As mentioned before, tnesorflow is a C basec packages which has python interface. For calculation you should open a tensorflow session like:

In [3]:
with tf.Session() as sess:
    print(sess.run([node1, node2]))

[3.0, 4.0]


For example if you want to add two number using tensorflow, you can make the data flow through operations (here addition) then you have to open a session (here by with command) and run it like:

In [4]:
node3 = tf.add(node1, node2)
with tf.Session() as sess:
    print(sess.run(node3))

7.0


In [5]:
a = tf.placeholder(tf.float32)
b = tf.placeholder(tf.float32)
# adder_node = tf.add(a, b)
adder_node = a + b
with tf.Session() as sess:
    print(sess.run(adder_node, {a: 3, b:4.5}))
    print(sess.run(adder_node, {a: [1,3], b: [2, 4]}))

7.5
[ 3.  7.]


Or you can define more complicated precedures:

In [6]:
a = tf.placeholder(tf.float32)
b = tf.placeholder(tf.float32)
c = tf.placeholder(tf.float32)
adder_node = (a + b)*c
with tf.Session() as sess:
    print(sess.run(adder_node, {a: 3, b:4.5, c:2}))
    

15.0


Sinse almost every Machine learning problem is based on optimization, let's try to solve an optimization problem. For this pupose assume that there are an input set "x_train" which we want to find a simple linear model <br>
$y=W\times x+b$ <br>
to predict "y_train" vector. 

In [2]:
x_train = [1,2,3,4]
y_train = [0,-1,-2,-3]

W = tf.Variable([.3], dtype=tf.float32)
b = tf.Variable([-.3], dtype=tf.float32)
x = tf.placeholder(tf.float32)
linear_model = W * x + b
init = tf.global_variables_initializer()
with tf.Session() as sess:
    sess.run(init)
    print(sess.run(linear_model, {x:x_train}))
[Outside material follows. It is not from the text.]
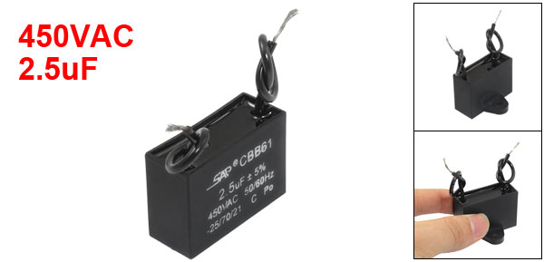 Product Name Capacitor Model CBB61 Dielectric Material Metallized Polypropylene External Material Plastic Rated Capacitance 2.5uF Tolerance ±5% Rated Frequency 50/60Hz Rated Working Voltage 450VAC Mounting Hole Diameter 4.5mm / 0.17" Boby Size 4 x 1.6 x 2.8cm / 1.58" x 0.63" x 1.1" (L*W*H) Wire Length(Each) 8cm / 3.14" Main Color Black Weight 25g Package Content 1 x Capacitor - Reviews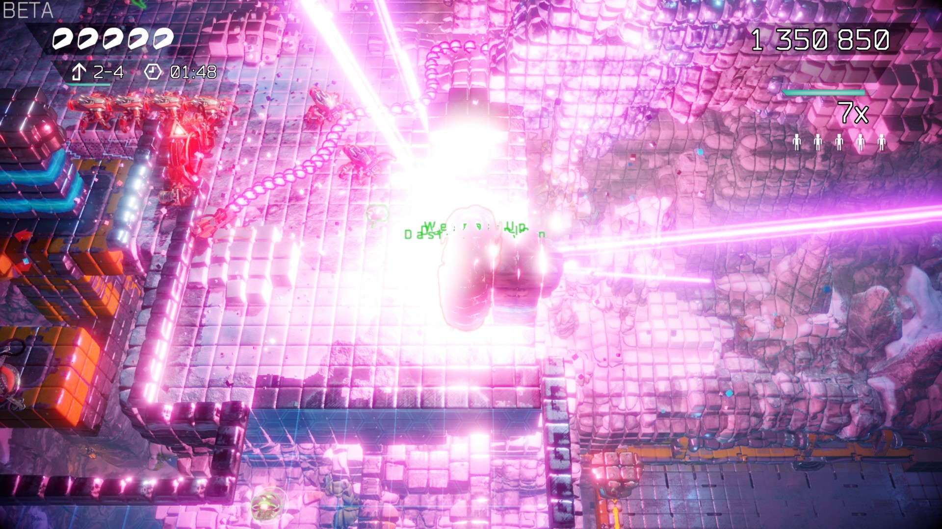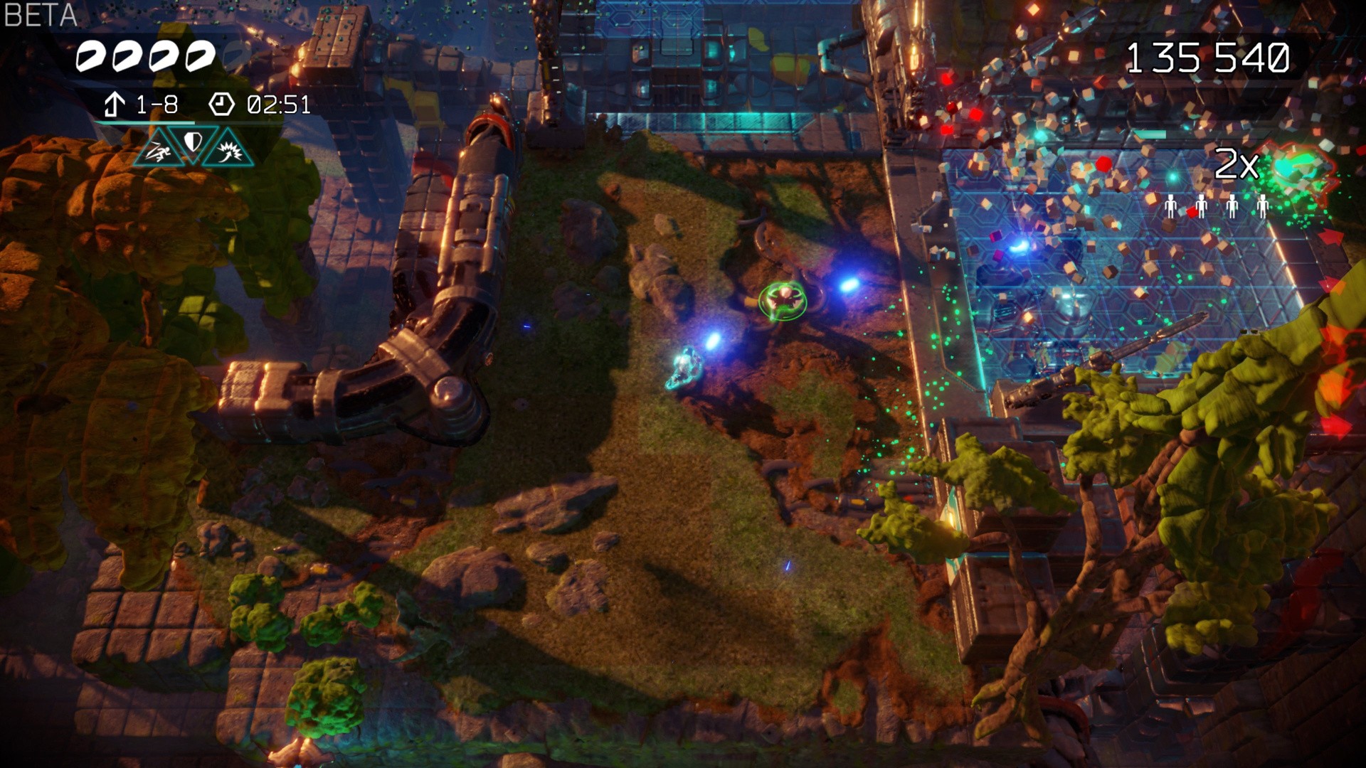 Nex Machina is all about blowing up stuff, and there's never a lack of enemies or objects to blast into pieces through the stages present in the beta, resulting in lots of colourful particles and some impressive physics-based destruction. It's absolute carnage, with the experience playing out like a turbo-charged Robotron crossed with a bullet-hell shooter. This is an experience that Housemarque specialise in, and the implementation here is their most accomplished yet.

[ 0.          0.30000001  0.60000002  0.90000004]


In [3]:
W = tf.Variable([.3], dtype=tf.float32)
b = tf.Variable([-.3], dtype=tf.float32)
x = tf.placeholder(tf.float32)
linear_model = W * x + b

y = tf.placeholder(tf.float32)
squared_deltas = tf.square(linear_model - y)
loss = tf.reduce_sum(squared_deltas)

init = tf.global_variables_initializer()
with tf.Session() as sess:
    sess.run(init)
    print(sess.run(loss, {x:x_train, y:y_train}))

23.66


## How to train, save and restore a model

In [7]:
tf.reset_default_graph()

W = tf.Variable([.3], dtype=tf.float32,name='W')
b = tf.Variable([-.3], dtype=tf.float32,name='b')
x = tf.placeholder(tf.float32,name='x')
linear_model = W * x + b

y = tf.placeholder(tf.float32)
squared_deltas = tf.square(linear_model - y)
loss = tf.reduce_sum(squared_deltas)

tf.summary.scalar("loss", loss)

optimizer = tf.train.GradientDescentOptimizer(0.01)
train = optimizer.minimize(loss)

summary_op = tf.summary.merge_all()

init = tf.global_variables_initializer()
sess = tf.Session()
sess.run(init)

writer = tf.summary.FileWriter('./logs', graph=tf.get_default_graph())
for i in range(1000):
    _, summary = sess.run([train,summary_op], {x:x_train, y:y_train})
    writer.add_summary(summary,i)
    

print(sess.run([W, b]))

# saving model 
saver = tf.train.Saver()
saver.save(sess,'./model')

sess.close()

[array([-0.9999969], dtype=float32), array([ 0.99999082], dtype=float32)]


In [17]:
import glob
import os
import pandas as pd


# Get all event* runs from logging_dir subdirectories
logging_dir = './logs'
event_paths = glob.glob(os.path.join(logging_dir,"event*"))

# Extraction function
def sum_log(path):
    runlog = pd.DataFrame(columns=['metric', 'value'])
#    try:
    for e in tf.train.summary_iterator(path):
        for v in e.summary.value:
            r = {'metric': v.tag, 'value':v.simple_value}
            runlog = runlog.append(r, ignore_index=True)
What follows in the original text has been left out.